*Work item:* Output, exactly as written, the lines below from the one that has "Décédée à Fauvillers (6637)" through the one that has "Station zwei war"; nothing else, and no pictures.

*Recorded data:*
# # #

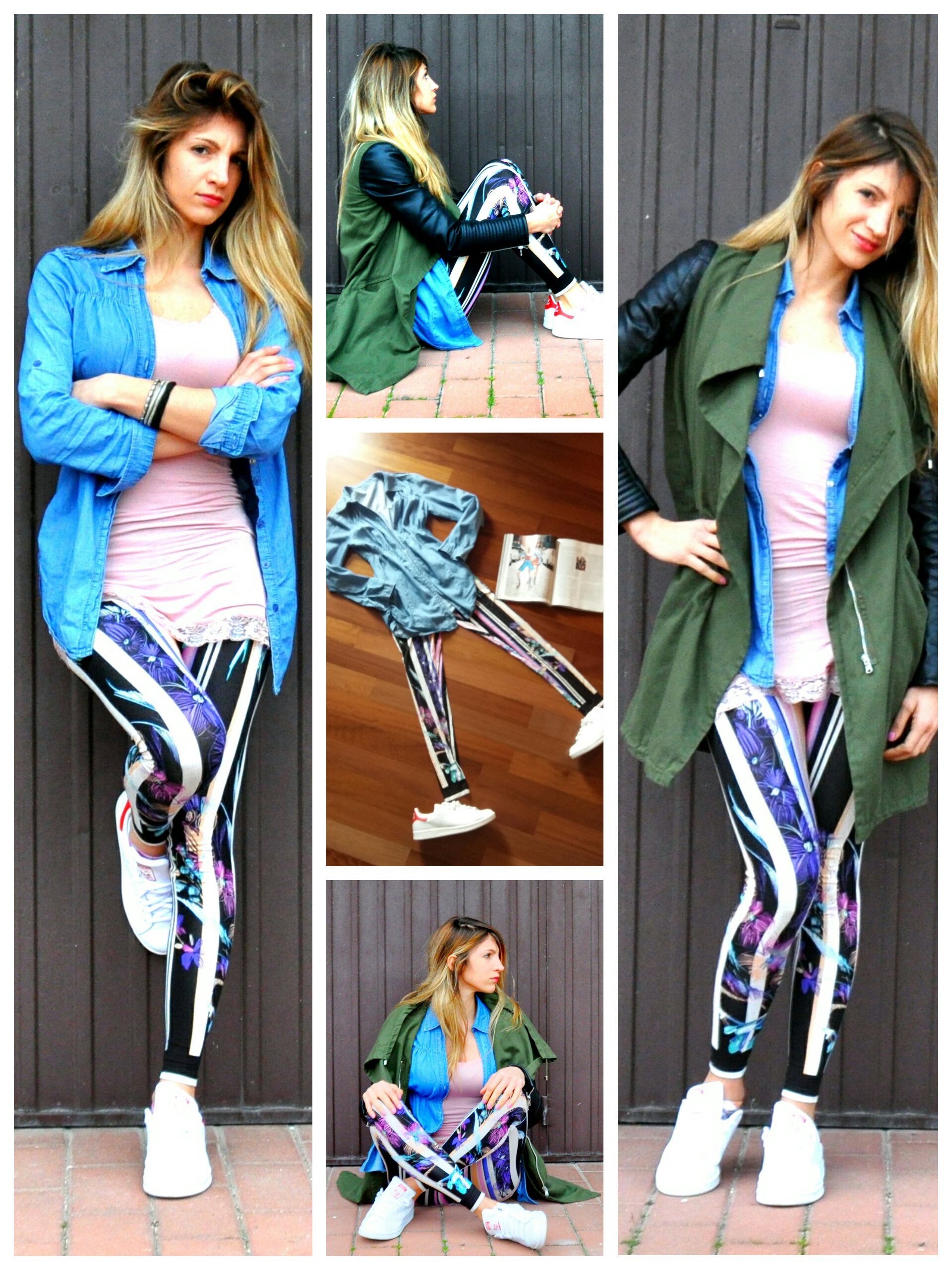 For my outfit I wore the must-have pieces of the season, the parka, the denim shirt, sneakers and the petticoat; i use serenity and pink colors, with the addition of a little ‘of flowers in my leggings with colorful stripes!
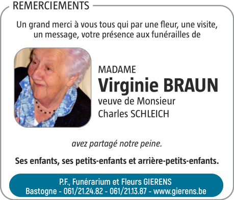 Décédée à Fauvillers (6637) le mardi 30 novembre 2021 à l'âge de 93 ans
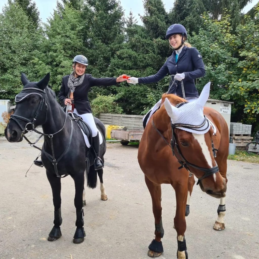Station zwei war nun die Reitanlage Doser. Hier kam es auf die Sportlichkeit an – zumindest von einem der beiden Paare. Einer der Paare durfte einen kleinen Parcour mit dem Pferd springen, der andere musste dies ohne seinen vierbeinigen Partner machen.
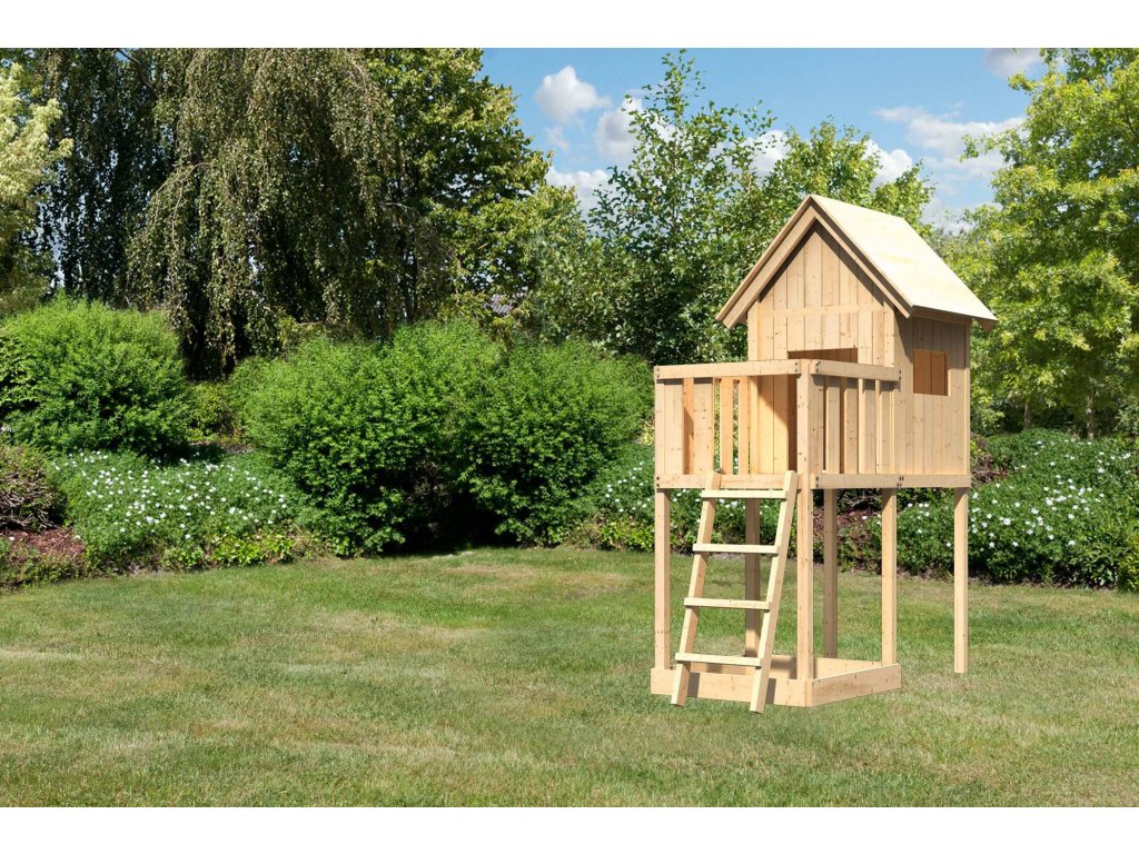 Dětské hřiště KARIBU FRIEDA poskytuje dětem spoustu možností ke hrám. Nabízí vše k tomu, aby děti mohly prožít veškeré své hrací fantazie. Stejně jako u všech našich dětských hřišť i u modelu KARIBU FRIEDA používáme výhradně to nejlepší přírodní smrkové dřevo. Hřiště má nosné sloupy o tloušťce 68 x 68 mm, stěny a podlahu z dřevěných profilů o síle 18 mm (systém pero / drážka). Terasa s domkem se nachází ve výšce 125 cm. Naše dřevo pochází ze vzdáleného severu Evropy a je chemicky naprosto neošetřené. V důsledku toho je prosté všech známých problematických látek. Díky výšce plošiny nabízí hřiště KARIBU FRIEDA dětem dokonalý výhled na zahradu. Sedlová střecha je vyrobena z dřevotřískových desek. Hřiště je standardně vybaveno robustním dřevěným žebříkem se 4 příčkami a pískovištěm pod věží. I tento výrobek má samozřejmě certifikát TÜV Nord ověřující bezpečnost výrobku (GS) podle DIN EN 71-1, DIN EN 71-3, DIN EN 71-8 a AfPS GS 2014.
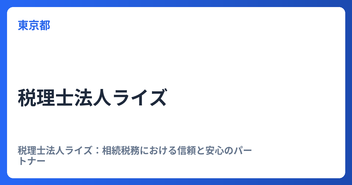 税理士法人ライズ:相続税務における信頼と安心のパートナー 相続に関する課題は、多くの人にとって一生に一度あるかないかの経験であり、その手続きには専門的な知識と冷静な対応が求められます。特に「相続税務」は、法的な側面と複雑な計算が絡み合い、... -
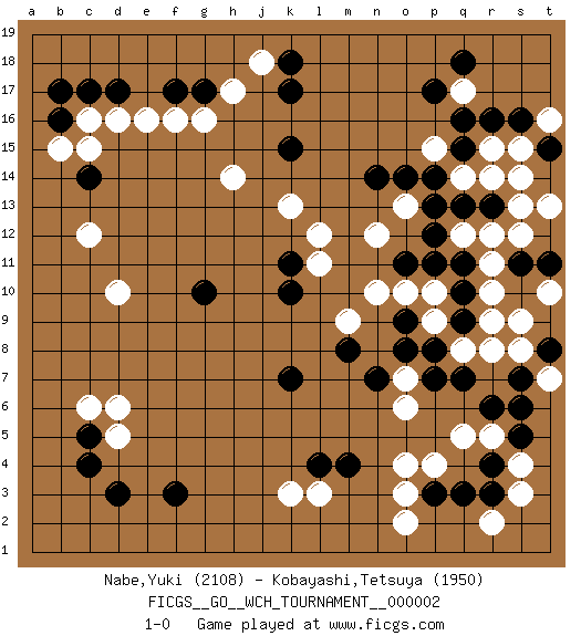 Last move : 1-0 2008 May 9 10:15:42 [Event "FICGS__GO__WCH_TOURNAMENT__000002 "] [Site "FICGS"] [Date "2008.01.09"] [Round "1"] [Black "Nabe,Yuki "] [White "Kobayashi,Tetsuya "] [Result "1-0"] [Rating 1 "2108"] [Rating 2 "1950"] 1.d3 d16 2.r4 q17 3.q15 q12 4.p17 d5 5.c5 c6 6.c4 d6 7.f3 d10 8.q18 p4 9.p3 o3 10.q3 o4 11.r6 k3 12.f17 h17 13.k17 f16 14.c14 c12 15.c17 c16 16.d17 e16 17.b16 b15 18.b17 c15 19.g17 g16 20.k15 h14 21.k10 r15 22.r16 r14 23.s16 p15 24.q16 r9 25.l4 l3 26.m4 o2 27.q10 r10 28.q11 r11 29.q13 r12 30.p12 k13 31.k7 n12 32.g10 q5 33.n14 r5 34.s5 s3 35.r3 s4 36.s6 r2 37.q7 p9 38.o11 o7 39.q9 q8 40.p8 r8 41.p7 o10 42.o9 p10 43.p11 n10 44.o8 o13 45.p13 q14 46.p14 m9 47.n7 o6 48.m8 l11 49.k11 l12 50.o14 j18 51.k18 s15 52.r13 s13 53.t15 s14 54.t9 s9 55.t8 t10 56.s11 s12 57.t14 t7 58.s7 s8 59.t8 t13 60.t11 t16 61.t15 1-0 Here are the names of the openings (joseki) played in the four corners : Corner q16 : q17 q15Komoku (Somok, Xiao~mu`) 3-4 Point. The komoku (3-4) point is the traditional corner enclosure move..Ikken Takagakari (Hankan Nop'dakeolch'im, Yi Gaogua`jiao~, 1-Space High Approach). The 5-4 approach move has become more popular in modern times, as modern Go emphasizes speed and influence. Corner d4 : d3 d5Komoku (Somok, Xiao~mu`) 3-4 Point. The komoku (3-4) point is the traditional corner enclosure move..Ikken Takagakari (Hankan Nop'dakeolch'im, Yi Gaogua`jiao~, 1-Space High Approach). The 5-4 approach move has become more popular in modern times, as modern Go emphasizes speed and influence. Corner q4 : r4 p4Komoku (Somok, Xiao~mu`) 3-4 Point. The komoku (3-4) point is the traditional corner enclosure move..Ikken Takagakari (Hankan Nop'dakeolch'im, Yi Gaogua`jiao~, 1-Space High Approach). The 5-4 approach move has become more popular in modern times, as modern Go emphasizes speed and influence. Corner d16 : d16 f17Hoshi (Hwajeom, Seongjeom, Xingwei`) 4-4 Point. The star or hoshi (4-4) point, emphasizing influence at the potential expense of territory.Ikken Kakari (Hankan Keolch'im, Yi Gua`jiao~, 1-Space Low Approach). Black 2 is the standard approach move to the 4-4. Player Black won this Go (weiqi, baduk) game.Follow this game move after move (download ) Avoid the plate connection. (Anonymous) There is no vagueness without wind. (Chinese proverb)

# # #

*Exercise solution:*
 Décédée à Fauvillers (6637) le mardi 30 novembre 2021 à l'âge de 93 ans
Station zwei war nun die Reitanlage Doser. Hier kam es auf die Sportlichkeit an – zumindest von einem der beiden Paare. Einer der Paare durfte einen kleinen Parcour mit dem Pferd springen, der andere musste dies ohne seinen vierbeinigen Partner machen.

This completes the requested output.